* _Instructions to follow_: Given the entries below, would you transcribe exactly the lines starting at the one with "L’indirizzo email [email" and ending at the one with "This is an HP", both kept, pictures omitted, nothing extra?
Supplied material section start
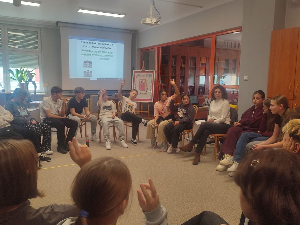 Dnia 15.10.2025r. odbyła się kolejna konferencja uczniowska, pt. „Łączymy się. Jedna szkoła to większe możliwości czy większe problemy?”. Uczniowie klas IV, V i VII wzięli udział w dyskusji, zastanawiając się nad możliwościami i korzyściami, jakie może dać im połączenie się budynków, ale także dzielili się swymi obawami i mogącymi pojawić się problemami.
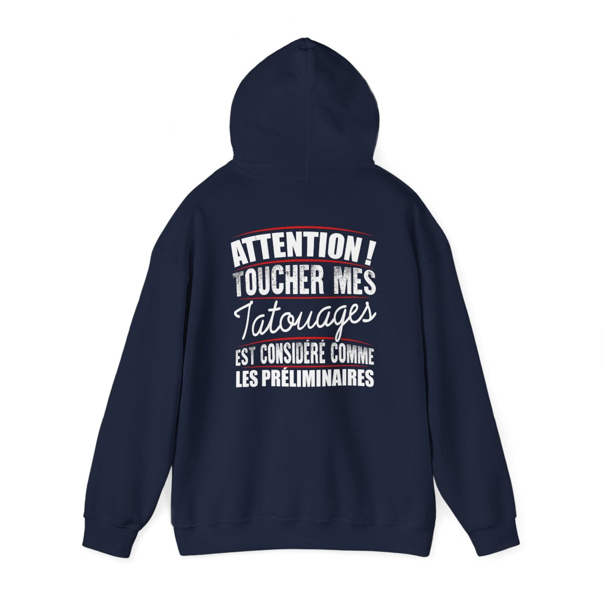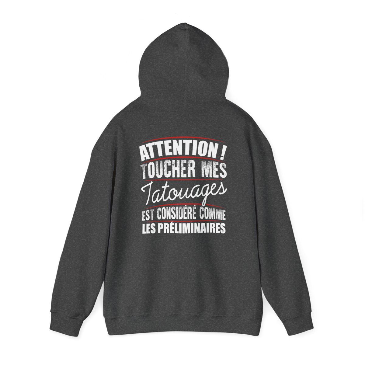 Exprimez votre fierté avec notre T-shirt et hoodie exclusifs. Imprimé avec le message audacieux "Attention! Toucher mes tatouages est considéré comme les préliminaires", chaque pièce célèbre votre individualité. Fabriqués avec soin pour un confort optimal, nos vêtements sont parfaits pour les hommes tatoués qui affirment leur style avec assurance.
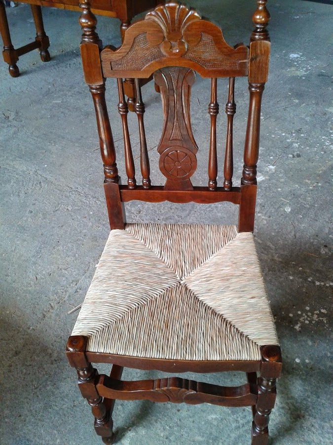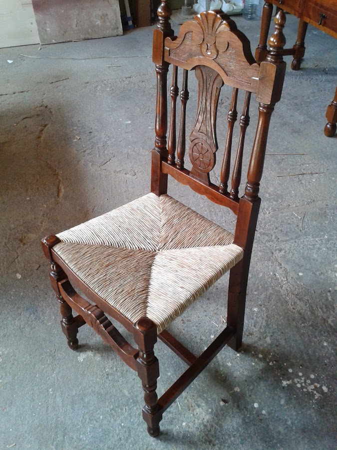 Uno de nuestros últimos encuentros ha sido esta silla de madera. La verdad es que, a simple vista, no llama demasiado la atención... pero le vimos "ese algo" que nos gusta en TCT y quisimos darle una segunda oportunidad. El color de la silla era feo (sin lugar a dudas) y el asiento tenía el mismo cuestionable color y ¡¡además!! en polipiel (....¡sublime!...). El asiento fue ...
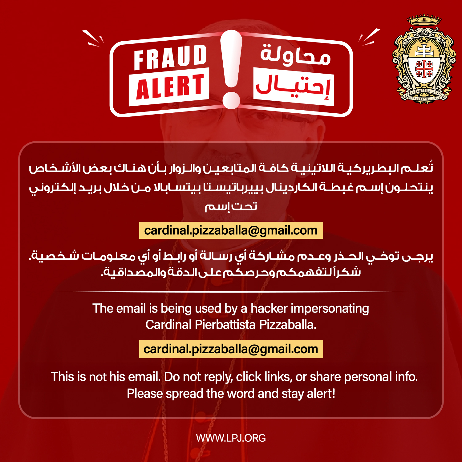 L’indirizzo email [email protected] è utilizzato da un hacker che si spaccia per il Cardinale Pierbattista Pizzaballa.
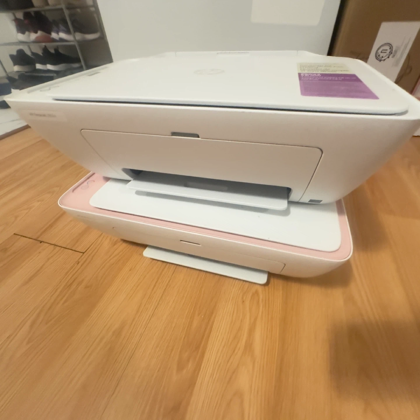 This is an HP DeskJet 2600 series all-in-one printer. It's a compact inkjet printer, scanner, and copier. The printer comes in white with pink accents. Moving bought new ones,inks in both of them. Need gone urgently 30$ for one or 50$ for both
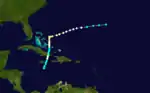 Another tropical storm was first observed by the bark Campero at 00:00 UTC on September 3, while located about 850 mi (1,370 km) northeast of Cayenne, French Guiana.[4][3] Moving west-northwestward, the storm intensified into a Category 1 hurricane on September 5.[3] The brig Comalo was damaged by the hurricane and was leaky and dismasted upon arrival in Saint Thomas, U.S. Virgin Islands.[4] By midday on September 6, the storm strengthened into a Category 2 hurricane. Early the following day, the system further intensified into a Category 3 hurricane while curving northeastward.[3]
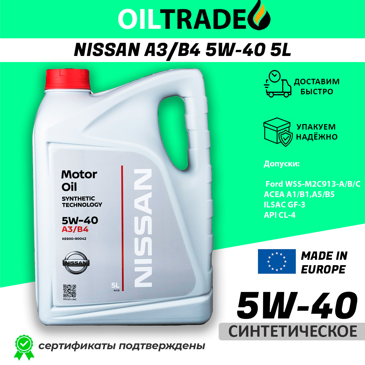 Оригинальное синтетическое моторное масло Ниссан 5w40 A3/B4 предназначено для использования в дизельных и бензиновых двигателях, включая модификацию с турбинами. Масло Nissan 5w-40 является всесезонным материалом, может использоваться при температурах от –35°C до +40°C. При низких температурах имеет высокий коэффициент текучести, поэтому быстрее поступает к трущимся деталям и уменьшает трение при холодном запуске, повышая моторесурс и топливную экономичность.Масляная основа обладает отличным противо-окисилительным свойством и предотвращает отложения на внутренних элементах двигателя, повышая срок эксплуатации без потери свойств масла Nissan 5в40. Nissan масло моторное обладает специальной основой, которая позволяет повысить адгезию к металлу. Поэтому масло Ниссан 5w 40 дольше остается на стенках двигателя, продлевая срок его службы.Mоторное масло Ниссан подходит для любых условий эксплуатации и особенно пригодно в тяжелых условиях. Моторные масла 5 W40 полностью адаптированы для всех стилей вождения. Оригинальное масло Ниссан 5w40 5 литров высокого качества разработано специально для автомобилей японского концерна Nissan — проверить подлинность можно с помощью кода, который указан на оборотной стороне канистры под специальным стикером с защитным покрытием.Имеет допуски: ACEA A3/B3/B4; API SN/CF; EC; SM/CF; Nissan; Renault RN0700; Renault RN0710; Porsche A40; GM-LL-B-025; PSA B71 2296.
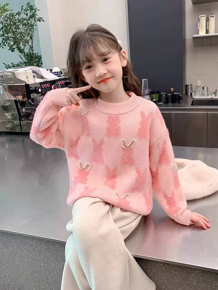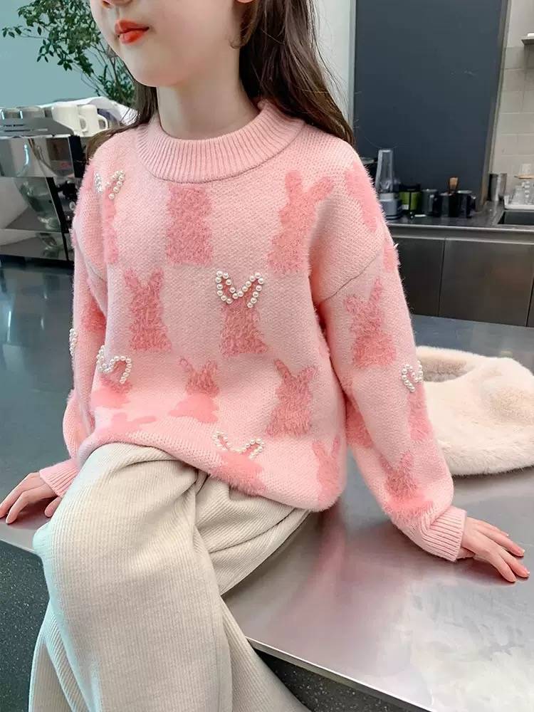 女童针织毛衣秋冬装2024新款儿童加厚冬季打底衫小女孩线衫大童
Supplied material section end
* _Solution to the exercise_:
 L’indirizzo email [email protected] è utilizzato da un hacker che si spaccia per il Cardinale Pierbattista Pizzaballa.
 This is an HP DeskJet 2600 series all-in-one printer. It's a compact inkjet printer, scanner, and copier. The printer comes in white with pink accents. Moving bought new ones,inks in both of them. Need gone urgently 30$ for one or 50$ for both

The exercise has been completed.